The benefits of unstructured data can be illustrated through the example of a free text box that may accompany an insurer’s request for policyholders’ work emails and occupations. When you have free text cells, swaths of data can be lost unless insurers understand how to analyze it and link it to external information sources. For example, the data can be divided into three sets: those that enter an accurate work email, those who enter an email that is incorrect and those who leave the space blank. Through advanced modeling, it can be ascertained that each group behaves in behaviorally distinct ways. From this data—and even, significantly, from the absence of data—insurers gain greater insights into the policy-holder. Those who put in incorrect emails may have lost their jobs, for example, and those who don’t enter a work email may either be unemployed or employed in a field—such as construction or cleaning—where they don’t require an email.
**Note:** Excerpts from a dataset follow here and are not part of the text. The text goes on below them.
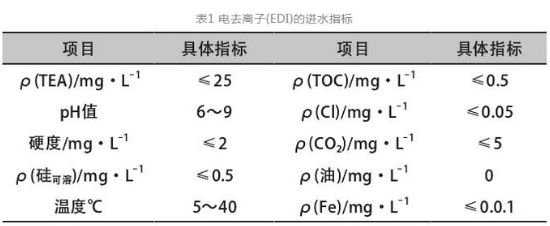 EDI 裝置在電廠中得到了廣泛的應用,它屬于較為精細的水處理系統(tǒng),在水處理的過程中,必須要求進水有較高水質(zhì),才能滿足處理的要求。在一般情況下EDI 對進水水質(zhì)的要求具體如表1 所示,主要采用RO 作為火電廠的廢水預脫鹽軟化處理設(shè)備。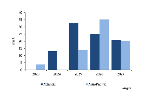 Nearly all projects with 2024-25 operational dates are based in the Atlantic basin, with the exception of Canada's 14mn t/yr LNG Canada export terminal, located off the coast of northern British Columbia. Operator Shell plans to start loadings in mid-2025.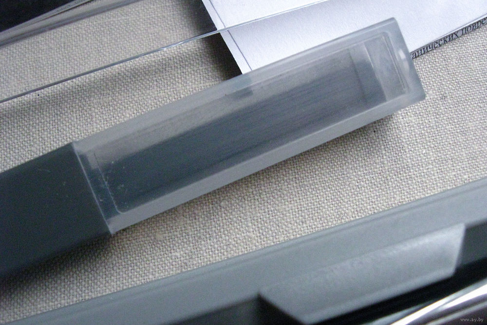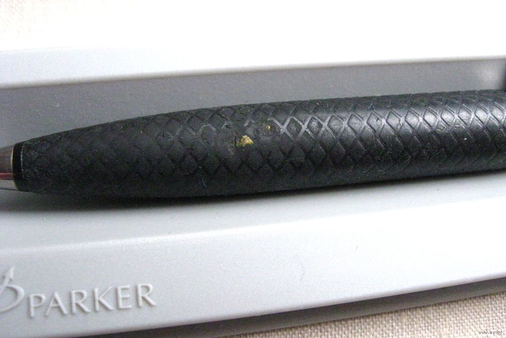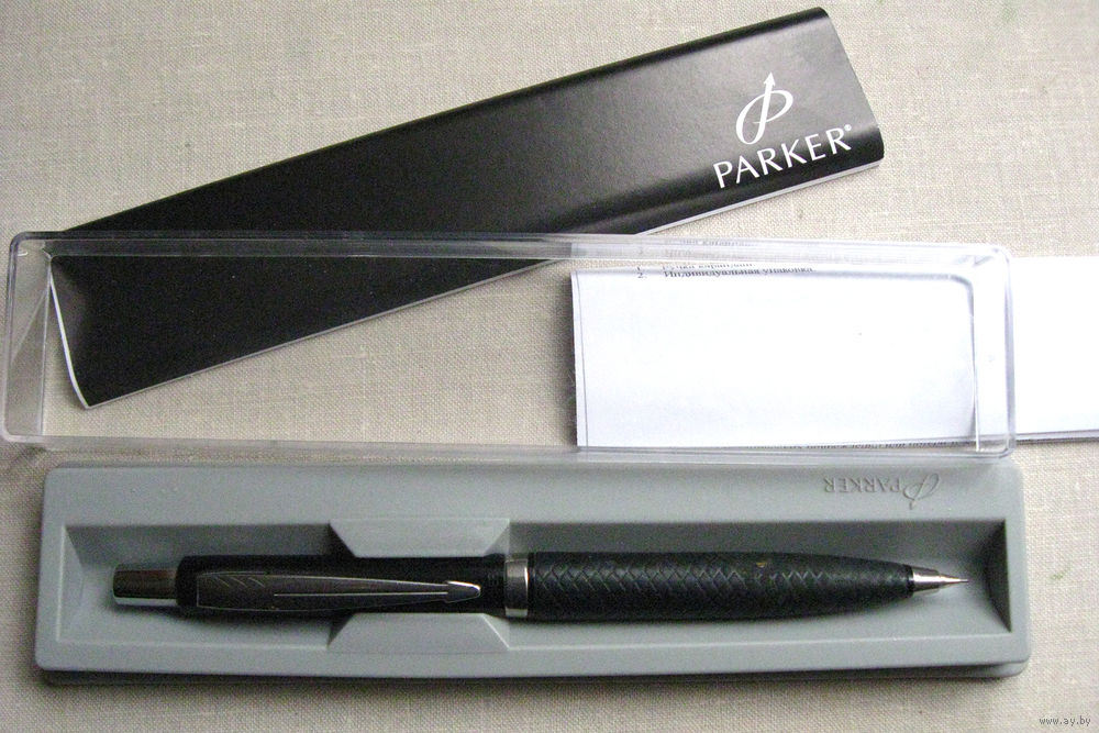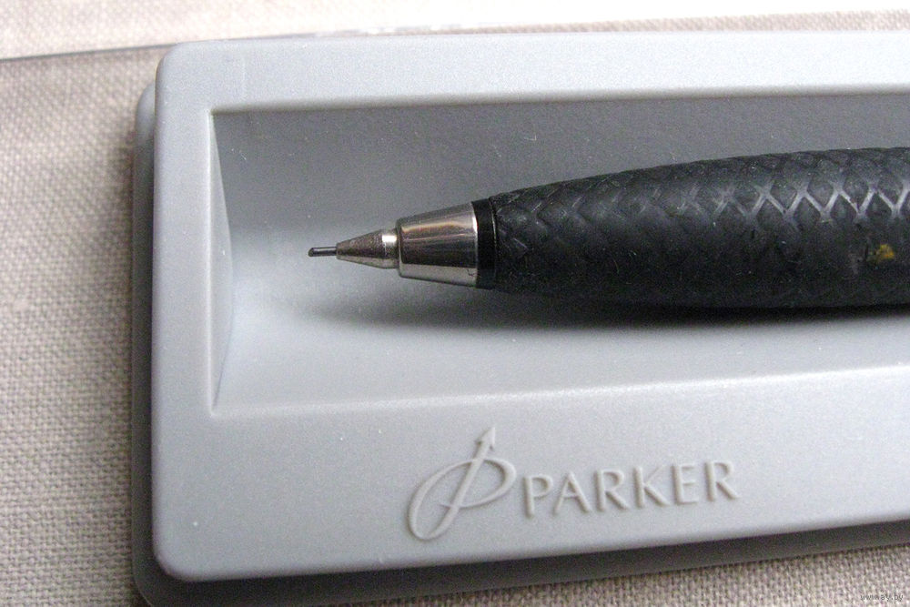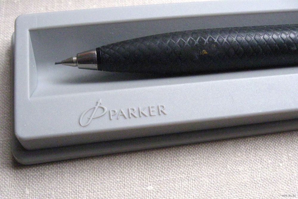 КН 01 Карандаш автоматический Parker Made in UK Паркер Производство Великобритания Оригинал Винтаж Конец 1990-х – начало 2000-х Отличное состояние На мягкой части две небольшие желтые точечки краски – от лежавшего рядом с ручкой карандаша В комплекте оригинальный футляр, запасные оригинальные грифели Parker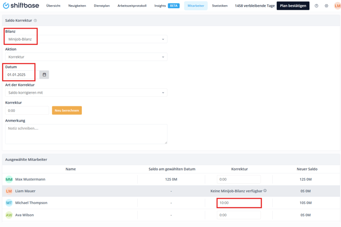 Wenn ein Minijob Mitarbeiter schon Stunden gearbeitet hat (weil mit Shiftbase beispielsweise erst Mitte des Monats begonnen wurde), kann man diese über eine Bulk-Aktion > Salden Korrektur hinzufügen.
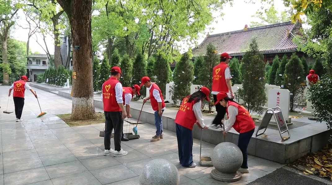 活動最后,志愿者們還擦拭烈士墓碑,清掃樹木枯枝。經(jīng)過辛勤勞動,烈士陵園變得更顯整潔、肅穆。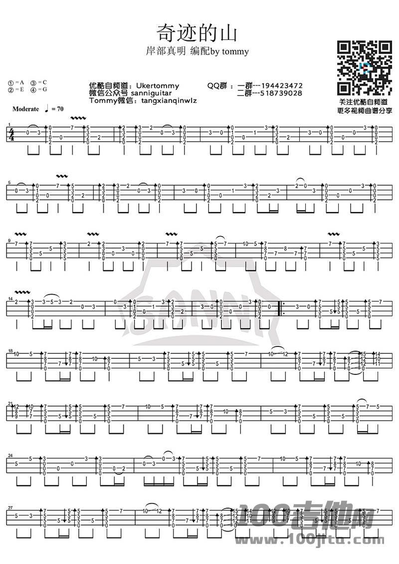 尤克里里奇迹的山尤克里里谱指弹谱_岸部真明_独奏谱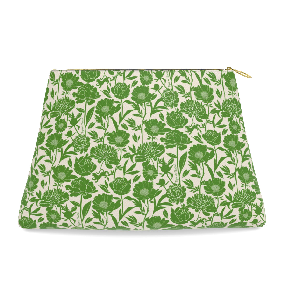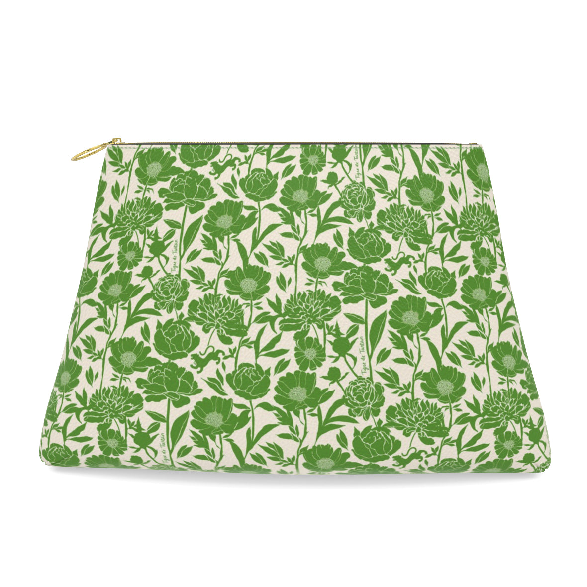 Roomy Leather Clutch/ Tile Bag- JADE PEONY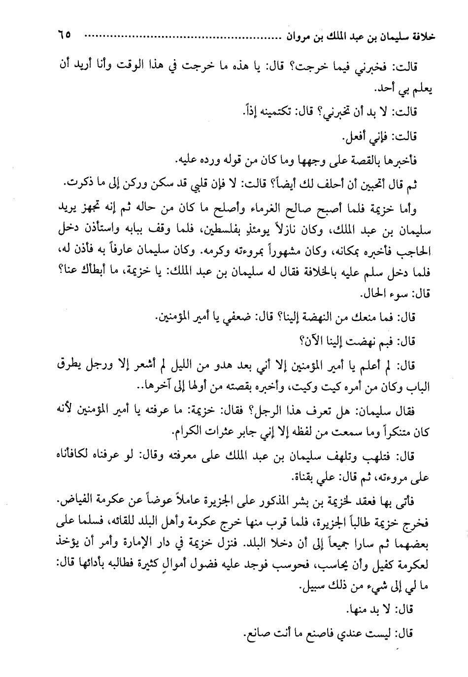 فقال سليمان: هل تعرف هذا الرجل؟ فقال: خزيمة: ما عرفته يا أمير المؤمنين لأنه كان متنكراً وما سمعت من لفظه إلا إني جابر عثرات الكرام.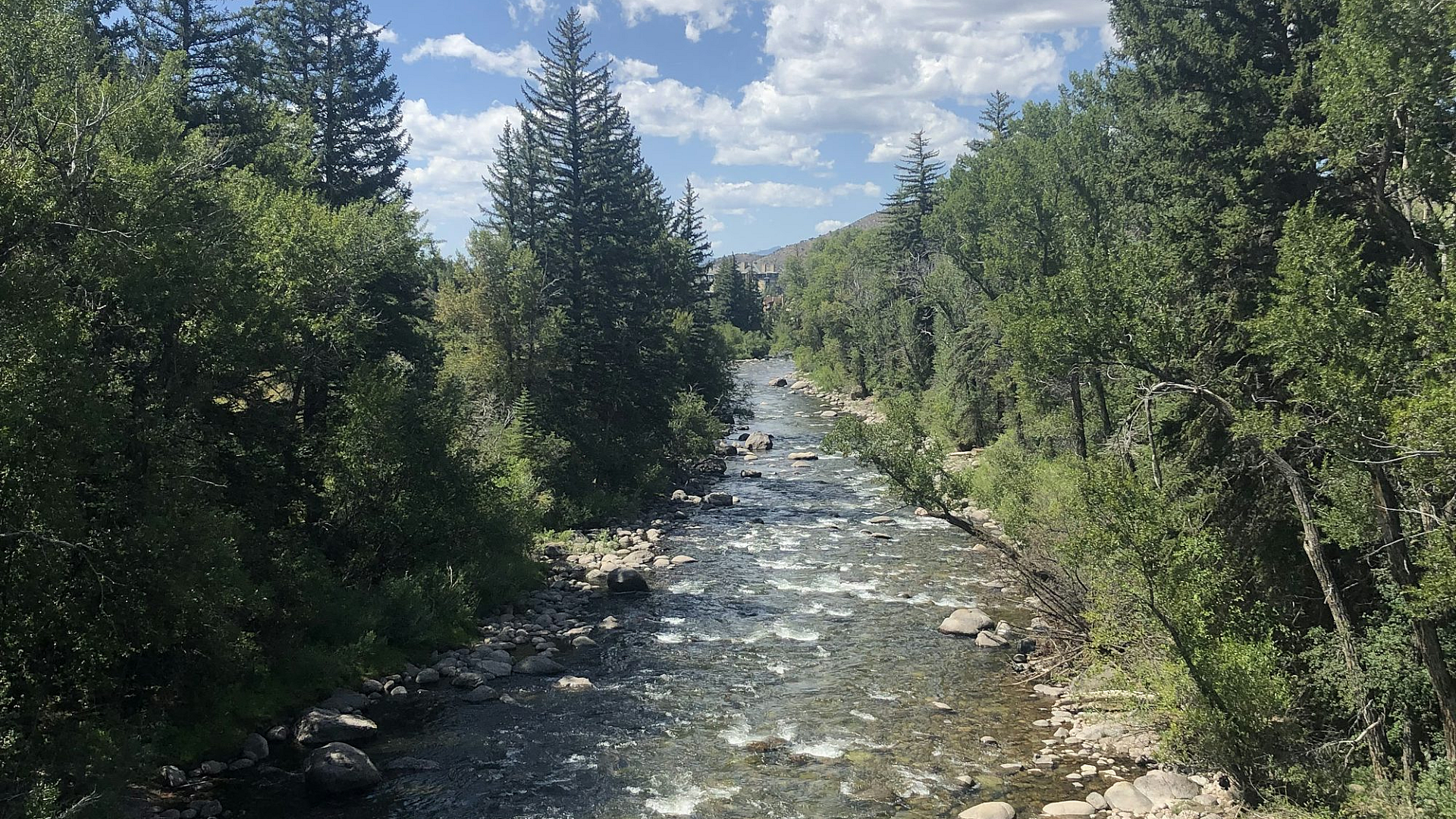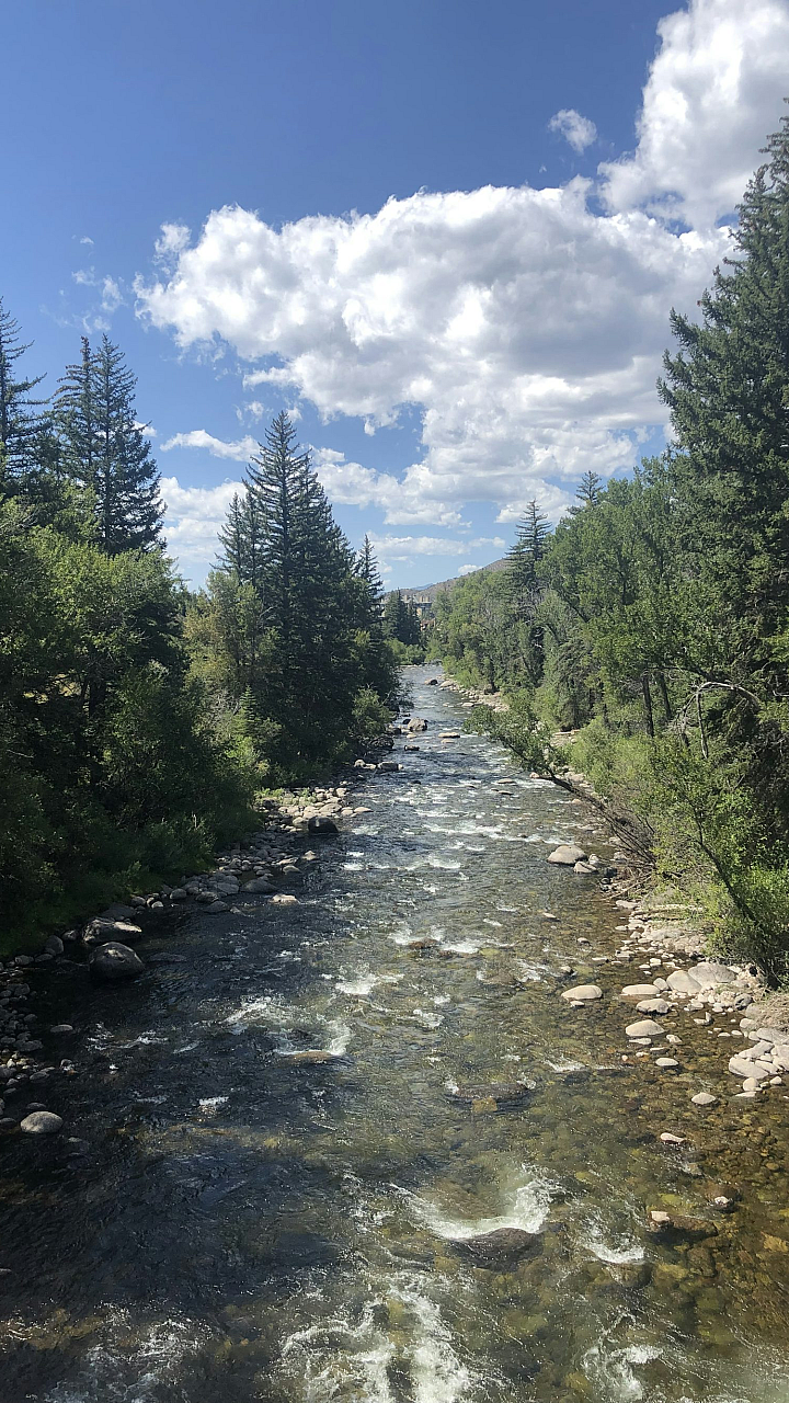 river, trees, green, blue sky, white clouds, nature, landscape, scenery, water, foliage, forest, woods, daytime, peaceful, serene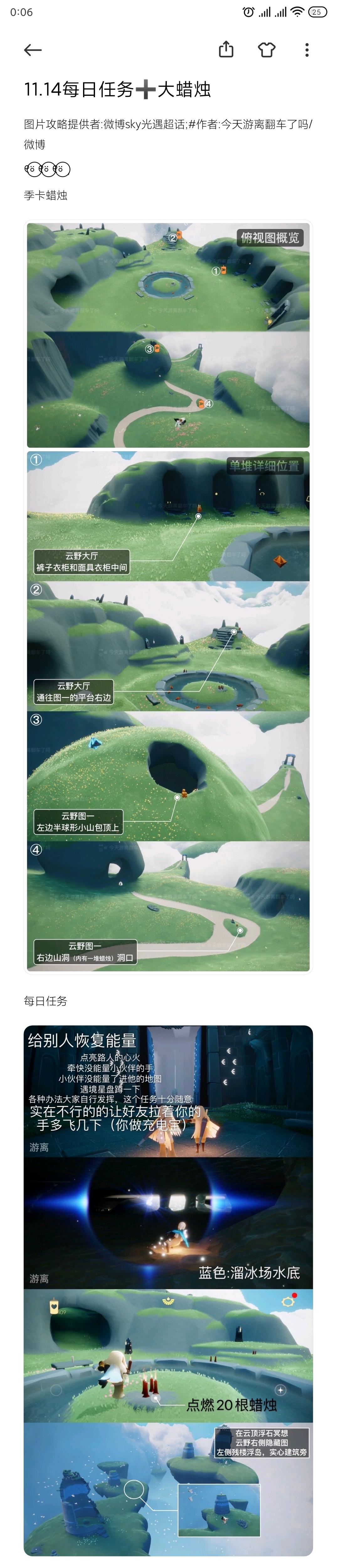 图片攻略提供者:微博sky光遇超话;#作者:今天游离翻车了吗/微博୧⍤⃝ ୧⍤⃝ ୧⍤⃝ 每日任务 大蜡烛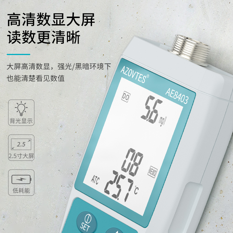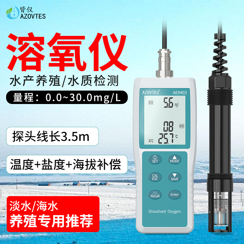 皆儀AE8403是一款高靈敏便攜式溶氧儀,0~30mg/L大量程,標(biāo)配3.5米加長探頭、2.5寸高清數(shù)顯大屏、99筆數(shù)據(jù)存儲、溫度/鹽度/海拔補(bǔ)償,可廣泛運(yùn)用于淡/海水養(yǎng)殖,污水處理、工業(yè)廢水、環(huán)境檢測等諸多領(lǐng)域的溶氧測量。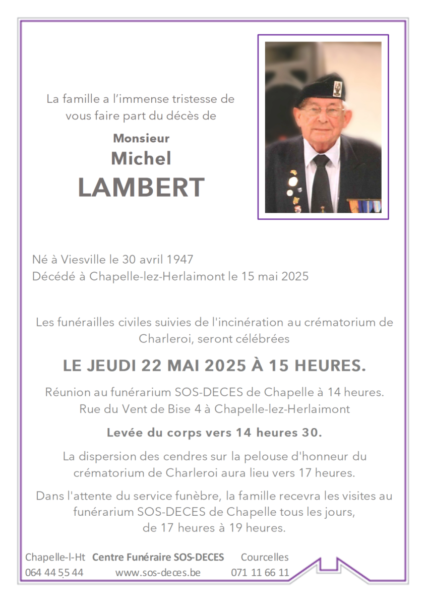 Décédé à Chapelle-lez-Herlaimont le 15 mai 2025 à l'âge de 78 ans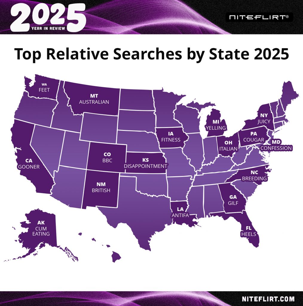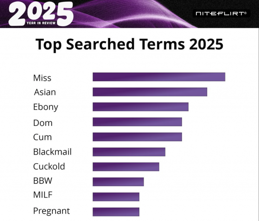For the second year in a row, “Miss” held the top spot as the most searched term on NiteFlirt. Its staying power reflects a continued pull toward dynamics that feel structured, distinctive, and relational.

Similarly, if people are asked to enter their occupations manually, there will be tens of thousands of variations—teacher, math teacher, French tutor—that are not statistically significant until the techniques of machine learning are applied: different occupations can then be clustered according to different statistical groups, such as pensioners, teachers, managers, housewives, to extract potentially lucrative data.
Knowing where a policyholder is paying their premiums from, whether from an individual or company account or, for example, the Teachers Federal Credit Unit or the Navy Federal Credit Union is advantageous for the insurer.
Unlocking the structure within unstructured data is the key to further insights, which are enriched by publicly available external data. Advanced models can apply those features most relevant to insurance, for example, U.S. census questions on monthly insurance expenditure and assets in pension savings. Moreover, every time data is entered into these machine-learning models, the process is quicker than before, giving insurers greater insights in a significantly shorter space of time.
Raw data is the key to insurers staying ahead of the competition. Life insurers can continue to do what they do best—but now with the tools to irrigate their data and watch the profits bloom.